INFORMATION PROVIDED
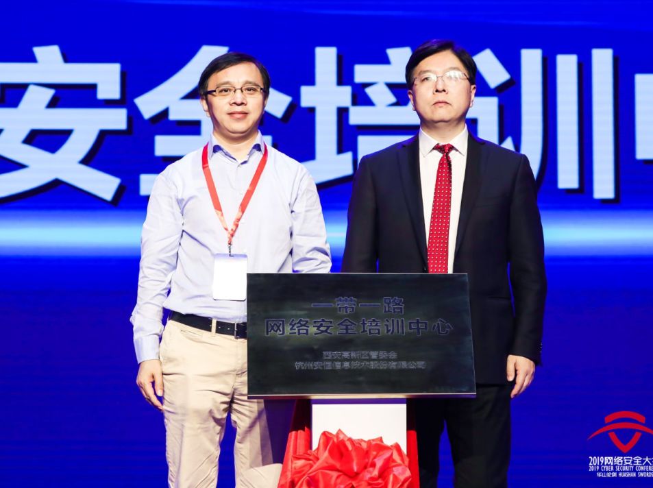 ? ? ? ?會(huì)上舉行西安電子科技大學(xué)與杭州安恒信息技術(shù)股份有限公司共建5G安全聯(lián)合創(chuàng)新研究中心簽約儀式;此后,西安高新區(qū)管委會(huì)副主任顧海文,杭州安恒信息技術(shù)股份有限公司首席安全官、高級(jí)副總裁劉志樂(lè)為“一帶一路”網(wǎng)絡(luò)安全培訓(xùn)中心共同揭牌。
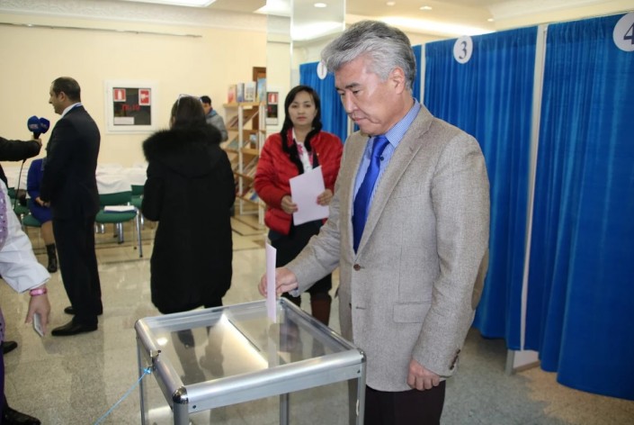 Экс-глава КНБ, сенатор Нуртай Абыкаев проголосовал на избирательном участке №81.
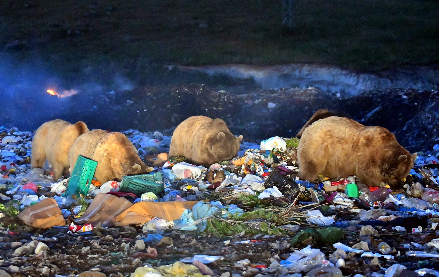 Hewlêr (Rûdaw) - Li navçeya Qamuşanê ya parêzgeha Qersê çend hirç ji serê çiyayan dadikevin û dikevin nav gilêşa bajêr û li wir bi tiştên hatine avêtin zikê xwe têr dikin.
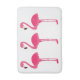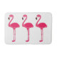 Diese lustige Badematte verfügt über drei niedliche rosa Flamingos auf einem massiven weißen Hintergrund.
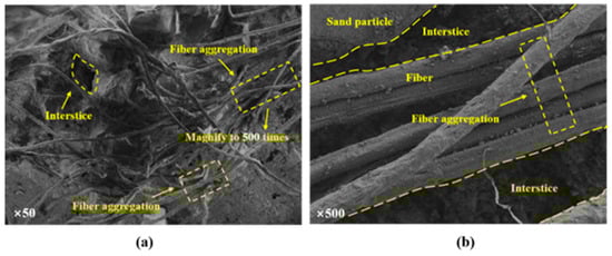 While fiber reinforcement enhances the performance of MICP-treated soils, excessive fiber content adversely affects soil stabilization. When fibers agglomerate in the soil, they interlace and overlap with each other, preventing them from dispersing effectively within the soil and leading to the formation of irregular void structures. These voids are not the pores formed by soil particles but are structural voids created by fiber agglomeration. The structure formed after fiber cohesion is typically irregular and may contain some larger voids. These voids are not individual pores but a porous structure resulting from fiber agglomeration. This structure may include larger gaps and irregular channels, which increase the overall porosity. The size and shape of these irregular voids can vary significantly, leading to a non-uniform increase in soil porosity. Additionally, under normal conditions, fibers may fill the gaps between soil particles, increasing the compaction of the soil. However, when fibers agglomerate, the contact area between the fibers and soil particles is reduced, causing the fibers to be less effective at connecting with the soil particles compared to when they are individually distributed. As a result, the fibers are unable to efficiently fill the soil’s pores, leading to an increase in porosity. The larger voids and pores in fiber agglomeration areas make these regions weak points within the soil [73,74]. When subjected to external forces, these agglomerated regions create stress mismatch zones with the surrounding soil. Such areas are more prone to localized failure or crack propagation, which can lead to a reduction in overall soil strength and an increased risk of structural failure. Additionally, fiber agglomeration hinders the even distribution and diffusion of microorganisms within the soil. This results in a reduced and uneven distribution of the cementing agents produced during microbial stabilization, which affects the interface forces between sand particles and fibers. Consequently, this reduces the uniformity and strength of the stabilized soil [68,75].
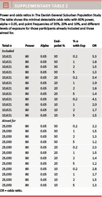 We have calculated ORs at 80% power and alpha 0.05 for different ratios of exposure and endpoints. In order not to commit a Type II error, calculation of study power, n and effect size will be necessary in future association studies. A larger sample size will be needed in order to detect a rare co-morbidity for a rare exposure compared to a common co-morbidity for a common exposure.
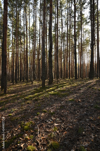 © Сергей Дмитриев, Fototapeta premium cienie drzew w lesie iglastym
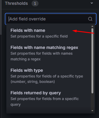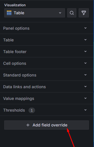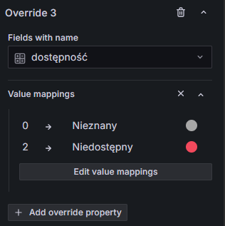 • Chcemy, aby dane były bardziej czytelne dla użytkownika, który nie jest zaznajomiony z API Zabbixa. W tym celu wykorzystamy mechanizm nadpisywania ustawień pól (ang. Field overrides). W tym celu, w sekcji po prawej stronie zjedźmy na sam dół aż znajdziemy przycisk + Add field override:
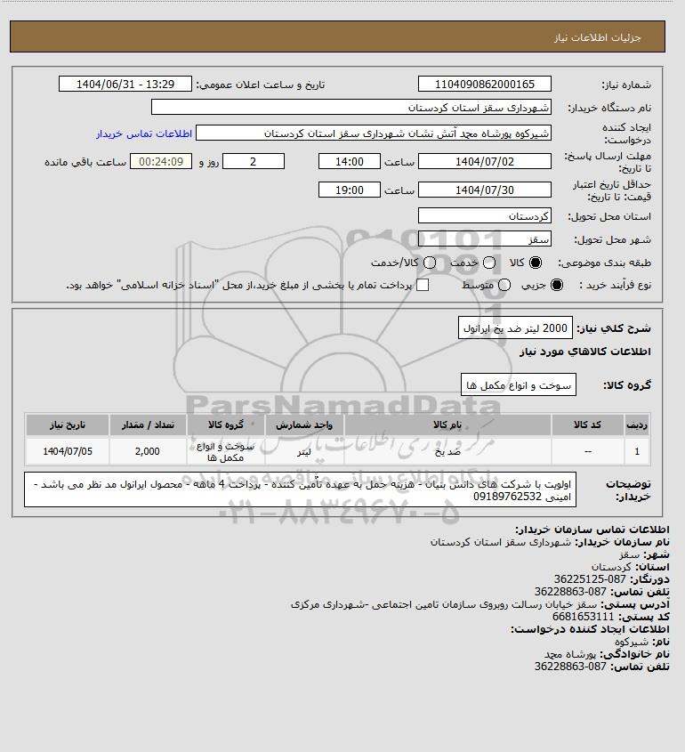 شرح کلی نیاز: 2000 لیتر ضد یخ ایرانول
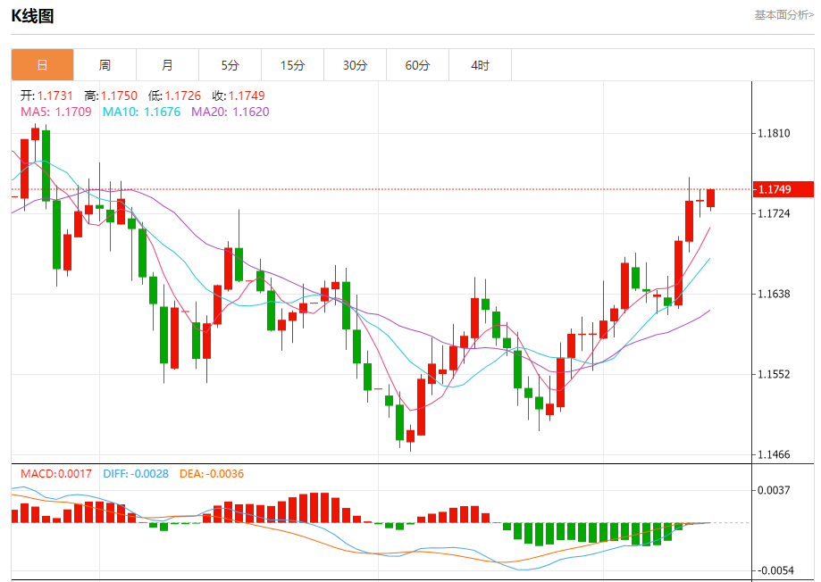 欧元/美元在过去两天几乎上涨1.2%后正在回调,推动技术指标进入超买水平。 4小时相对强弱指数(RSI)为63,此前曾突破70,移动平均趋同/背离(MACD)指标已转为平坦,表明看涨动能减弱。

DESCRIPTION OF THE TASK
Could you restate every record above word for word, leaving the pictures out?

WRITTEN SOLUTION
 ? ? ? ?會(huì)上舉行西安電子科技大學(xué)與杭州安恒信息技術(shù)股份有限公司共建5G安全聯(lián)合創(chuàng)新研究中心簽約儀式;此后,西安高新區(qū)管委會(huì)副主任顧海文,杭州安恒信息技術(shù)股份有限公司首席安全官、高級(jí)副總裁劉志樂(lè)為“一帶一路”網(wǎng)絡(luò)安全培訓(xùn)中心共同揭牌。
 Экс-глава КНБ, сенатор Нуртай Абыкаев проголосовал на избирательном участке №81.
 Hewlêr (Rûdaw) - Li navçeya Qamuşanê ya parêzgeha Qersê çend hirç ji serê çiyayan dadikevin û dikevin nav gilêşa bajêr û li wir bi tiştên hatine avêtin zikê xwe têr dikin.
 Diese lustige Badematte verfügt über drei niedliche rosa Flamingos auf einem massiven weißen Hintergrund.
 While fiber reinforcement enhances the performance of MICP-treated soils, excessive fiber content adversely affects soil stabilization. When fibers agglomerate in the soil, they interlace and overlap with each other, preventing them from dispersing effectively within the soil and leading to the formation of irregular void structures. These voids are not the pores formed by soil particles but are structural voids created by fiber agglomeration. The structure formed after fiber cohesion is typically irregular and may contain some larger voids. These voids are not individual pores but a porous structure resulting from fiber agglomeration. This structure may include larger gaps and irregular channels, which increase the overall porosity. The size and shape of these irregular voids can vary significantly, leading to a non-uniform increase in soil porosity. Additionally, under normal conditions, fibers may fill the gaps between soil particles, increasing the compaction of the soil. However, when fibers agglomerate, the contact area between the fibers and soil particles is reduced, causing the fibers to be less effective at connecting with the soil particles compared to when they are individually distributed. As a result, the fibers are unable to efficiently fill the soil’s pores, leading to an increase in porosity. The larger voids and pores in fiber agglomeration areas make these regions weak points within the soil [73,74]. When subjected to external forces, these agglomerated regions create stress mismatch zones with the surrounding soil. Such areas are more prone to localized failure or crack propagation, which can lead to a reduction in overall soil strength and an increased risk of structural failure. Additionally, fiber agglomeration hinders the even distribution and diffusion of microorganisms within the soil. This results in a reduced and uneven distribution of the cementing agents produced during microbial stabilization, which affects the interface forces between sand particles and fibers. Consequently, this reduces the uniformity and strength of the stabilized soil [68,75].
 We have calculated ORs at 80% power and alpha 0.05 for different ratios of exposure and endpoints. In order not to commit a Type II error, calculation of study power, n and effect size will be necessary in future association studies. A larger sample size will be needed in order to detect a rare co-morbidity for a rare exposure compared to a common co-morbidity for a common exposure.
 © Сергей Дмитриев, Fototapeta premium cienie drzew w lesie iglastym
 • Chcemy, aby dane były bardziej czytelne dla użytkownika, który nie jest zaznajomiony z API Zabbixa. W tym celu wykorzystamy mechanizm nadpisywania ustawień pól (ang. Field overrides). W tym celu, w sekcji po prawej stronie zjedźmy na sam dół aż znajdziemy przycisk + Add field override:
 شرح کلی نیاز: 2000 لیتر ضد یخ ایرانول
 欧元/美元在过去两天几乎上涨1.2%后正在回调,推动技术指标进入超买水平。 4小时相对强弱指数(RSI)为63,此前曾突破70,移动平均趋同/背离(MACD)指标已转为平坦,表明看涨动能减弱。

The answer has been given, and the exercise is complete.